Miners’ story set into stone

Sculpture commissioned for town’s centennial

Sculptor Paul Keeslar of Yelm, Wash., works on a piece of  sandstone for the Wilkeson, Wash., Centennial Celebration in July.  (Associated Press / The Spokesman-Review)
Mike Archbold News Tribune

WILKESON, Wash. – Paul Keeslar likes to believe the 50-million-year-old sandstone block had been waiting for him.

More than a year ago, he saw it in the yard of the Wilkeson Sandstone Quarry among a jumble of rocks, large and small. He was looking for a chunk of sandstone for his Wilkeson Centennial sculpture.

“It was perfect,” said the 47-year-old Yelm artist, who was chosen from among four sculptors to create the monument for the town’s 100th birthday, which will be celebrated next month.

The 18-ton stone – more than 4 feet wide and 15 feet tall – was cut from a ridge of stone formed by a river that fed into the sea that became Puget Sound. Chuck Nelson, owner of the quarry, donated the rock.

Keeslar recently put the finishing touches on the two relief panels cut into the stone, which is now ready to be moved to town and set up near Wilkeson City Hall.

The top panel depicts a miner leaning on a coal car coming out of the Skookum Slope mine. The bottom one shows a stonecutter sitting under a tent awning on the face of the Wilkeson quarry.

The $25,000 piece was paid for by local fundraising and two $10,000 grants, one from the Washington Heritage Capital Projects Grant program and one from King County.

Keeslar said his idea for the sculpture was to marry the histories of coal mining and sandstone quarrying in the small foothills town, once the center of the mining boom in northeastern Pierce County.

He took the images from historic Wilkeson photographs.

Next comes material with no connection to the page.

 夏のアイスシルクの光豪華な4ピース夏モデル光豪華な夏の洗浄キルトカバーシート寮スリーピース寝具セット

“The actual Skookum Slope mine is about 1,000 feet away,” he said, pointing into the tangle forest to the west. The entrance still is visible with the name of the mine etched into cement.

Still alive, too, is the miner pictured that day in 1943 and now frozen forever in stone.

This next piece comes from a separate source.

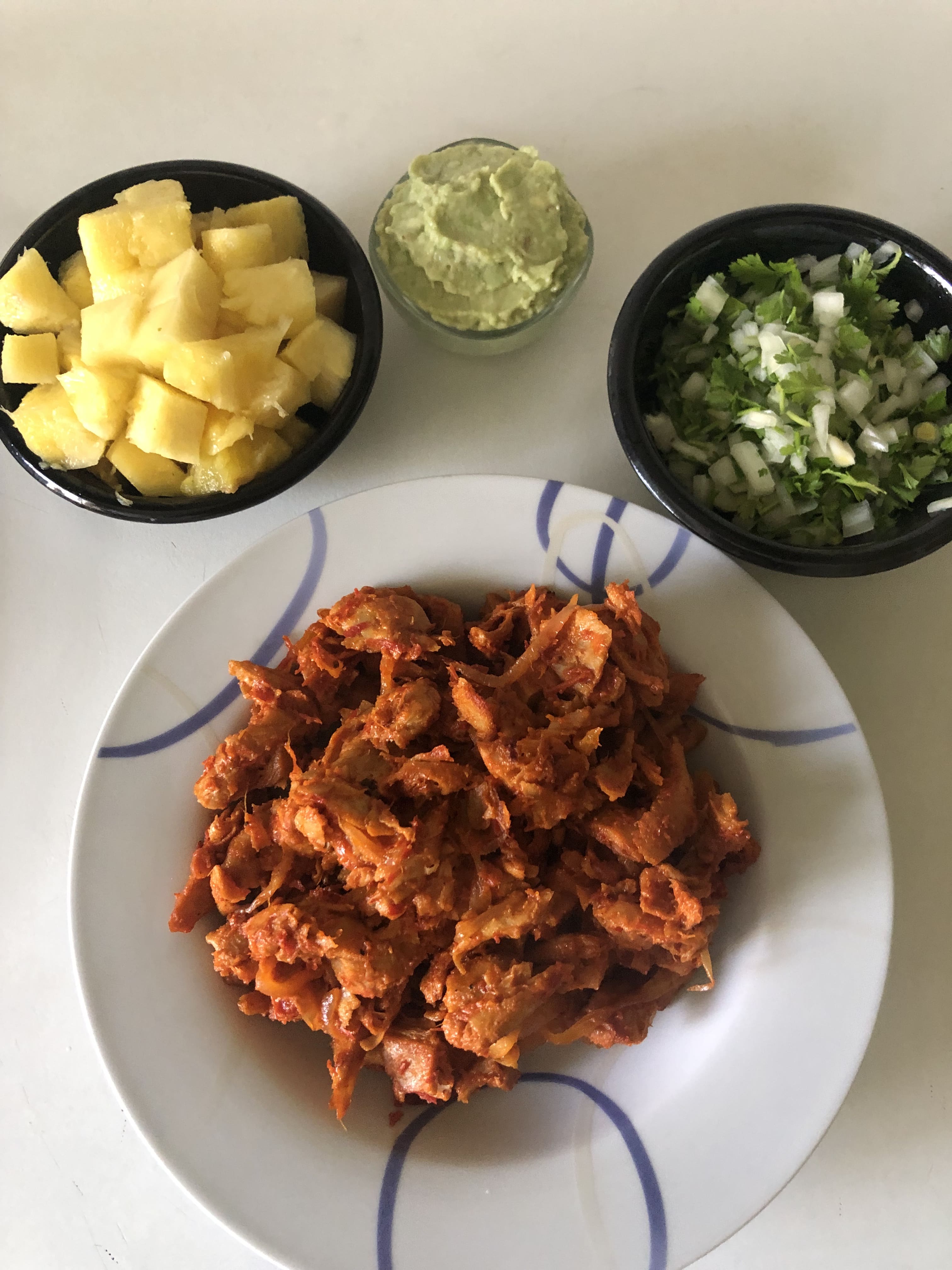 Este mes de marzo participo por primera vez en uno de esos retos, cuya temática no podía ser otra que un especial por el Día de la Mujer. El personaje homenajeado es Frida Khalo, mujer carismática y un ejemplo de lucha y resiliencia donde las haya. La receta, por tanto, debe tener la esencia mexicana. Empecé mi búsqueda por la red para coger algunas ideas y todas me llevaron a este plato, que bien puede definir la gastronomía mexicana: los tacos al pastor. Obviamente, poco tiene que ver con el original, puesto que no lleva carne y además he tenido que adaptar muchos de los ingredientes porque no tengo posibilidad de encontrarlos por aquí. El colorido del plato y la mezcla de sabores me recuerda en cierto modo a Frida, con sus pinturas tan llenas de color y contrastes.

Robert Peloli, 86, still lives in Wilkeson. He’s considered the last living coal miner in the gateway town to Mount Rainier National Park.

He’s been up to see Keeslar working and likes what the artist has wrought.

“It’s great,” said Peloli, who admitted the image looks only “somewhat” like him.

The other relief shows an unknown stonecutter with a heavy drooping mustache photographed working the Wilkeson Quarry in 1909.

The stone was set upright in the quarry using its large crane. Carving the sculpture took Keeslar about a month.

His tools – a hammer and various hand chisels along with a pneumatic hammer and chisel – filled a dusty work bag. He also used a power grinder to cut larger slaps out of the stone.

“Sandstone is an abrasive material,” he said. “I have to use carbide steel to work it.”

Using a model set up on an easel, Keeslar measured and marked the relief panels. He started with the figures of the men and moved outward.

He wore a hard hat with ear muffs, protective glasses and an air filter mask to keep the silica dust out of his lungs.

“You have to be patient with it,” he said of his work.

Unlike marble or alabaster that can surprise and reveal the beauty inside, sandstone is what it is, Keeslar said. The artist brings everything to the stone, he said.

The relief panels reveal the pure silver gray, almost white, sandstone inside the rock. Thin lines in the panels aren’t cracks but small seams of coal that underscore the dual themes of the piece, he said.

Fortunately they didn’t appear on a figure’s face, Keeslar said.